_Instructions to follow:_ From the line with "9 Pieces Horse" through the last line of the records below, both ends included, transcribe only those lines, exactly, and omit the pictures.

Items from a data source
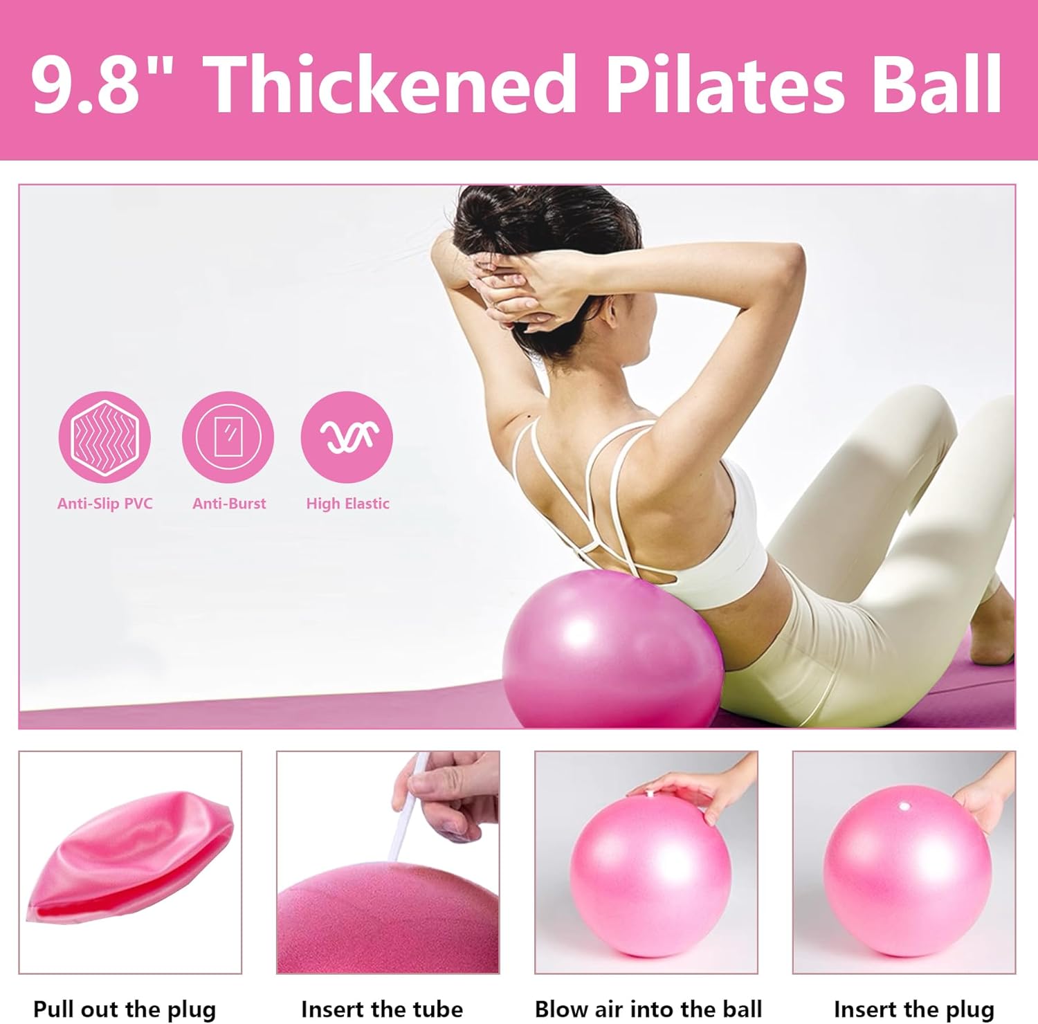 [12″ Pilates Ring & 9.8″ Pilates Ball]: The pilates ring was made of high intensity fiberglass and comfortable foam cover. the pilates ball was made from thickened and strong PVC material,anti-burst ensure the safety and durability
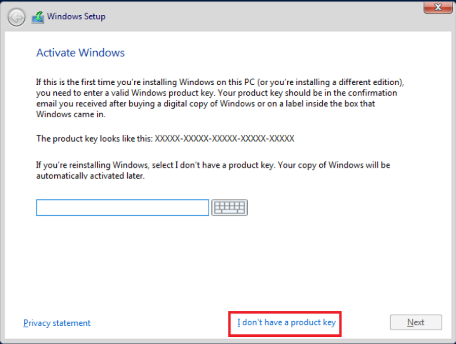 제품키가 있는 경우 키 입력 후 Next, 없을 경우에는 I don't have a product key
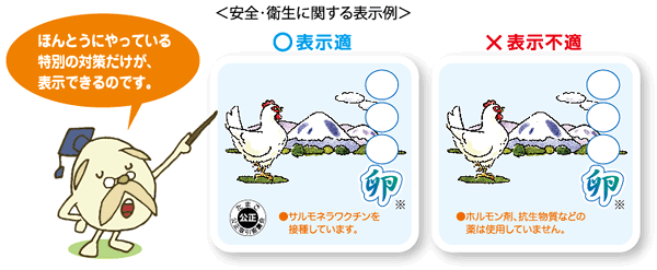 安全・衛生に関する表示をする場合は、下記の左図の表示のように、鶏や鶏舎に施している特別な対策を具体的に記します。右図のような通常行っている安全・衛生対策を、あたかも特別な対策であるような表示はできません。
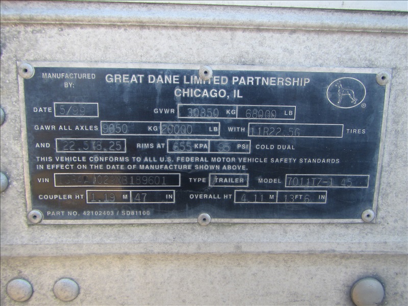 45' T/A REFRIGERATED VANTRAILER, THERMO KING SUPER IISR+, DIESEL REFER UNIT,LIFTGATE, TIRE SIZE 11R22.5HOUR METER READS: 18,195
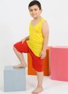 - Üst Parça: Sıfır kollu, sarı renkte atlet
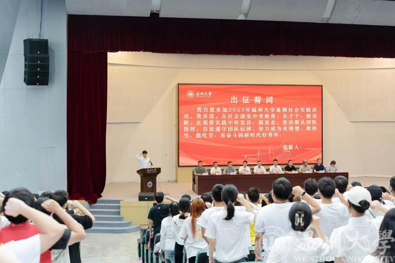 成人网站 出征仪式结束以后,成人网站 老师和实践队同学前往9号楼报告厅参加2023年成人网站 暑期社会实践出征仪式暨安全教育大会。
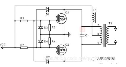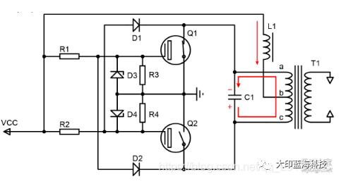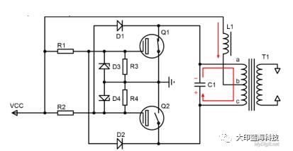 1.上電時L1通入的電流為零,電源通過R1、R2是Q1、Q2導通,L1電流逐漸增加,由于兩個開關(guān)管特性差異,將導致流入兩個開關(guān)管的電流不同,假設(shè)Q1電流大于Q2電流,所以Q1柵極電壓高于Q2柵極電壓,通過兩個二極管D1、D2,使得a點電壓低于c點電壓,故T1將產(chǎn)生b為正,a為負的感應(yīng)電壓,于是通過T1形成正反饋,使Q1導通,Q2截止。完成啟動過程。
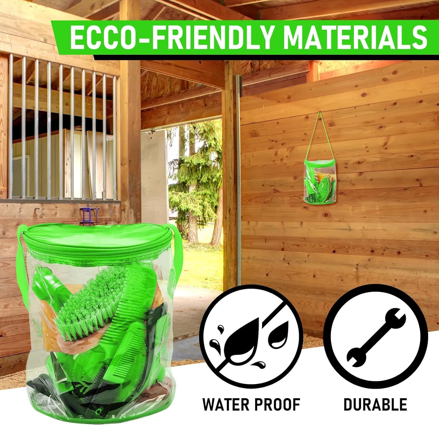 9 Pieces Horse Grooming Kit Tack Room Supplies Set with Organizer Tote Bag, Oval Massage Curry, Hard and Soft Brush, Hoof Pick, Sweat Scraper, Bathing Sponge, Combs for Horse Riders Beginners (Green)
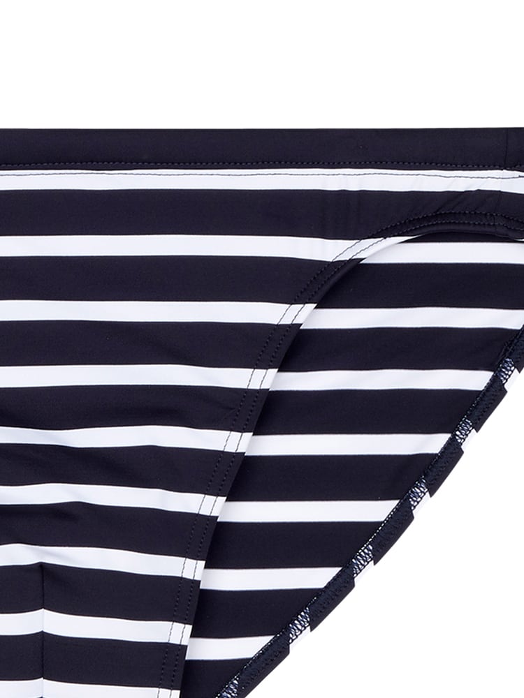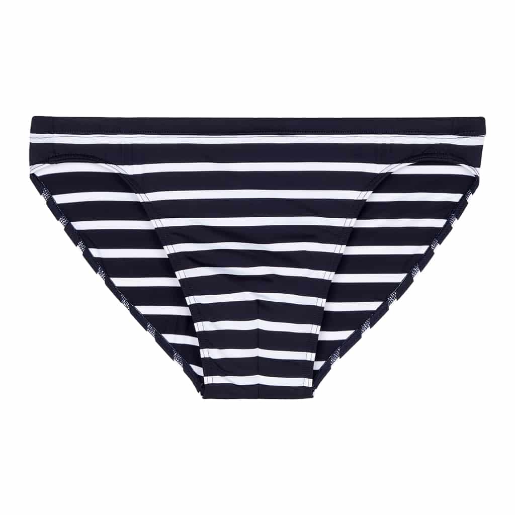 De Matias uitgevoerd in het micro model. De Matias is een degelijke zwembroek met horizontale lijnen afwisselend in wit en donkerblauw. De zwembroek heeft in de heupband aan de binnenzijde een trekkoord om deze perfect op maat te brengen. Met deze modieuze zwemslip kun je niet mis gaan.

_Task output:_
 9 Pieces Horse Grooming Kit Tack Room Supplies Set with Organizer Tote Bag, Oval Massage Curry, Hard and Soft Brush, Hoof Pick, Sweat Scraper, Bathing Sponge, Combs for Horse Riders Beginners (Green)
 De Matias uitgevoerd in het micro model. De Matias is een degelijke zwembroek met horizontale lijnen afwisselend in wit en donkerblauw. De zwembroek heeft in de heupband aan de binnenzijde een trekkoord om deze perfect op maat te brengen. Met deze modieuze zwemslip kun je niet mis gaan.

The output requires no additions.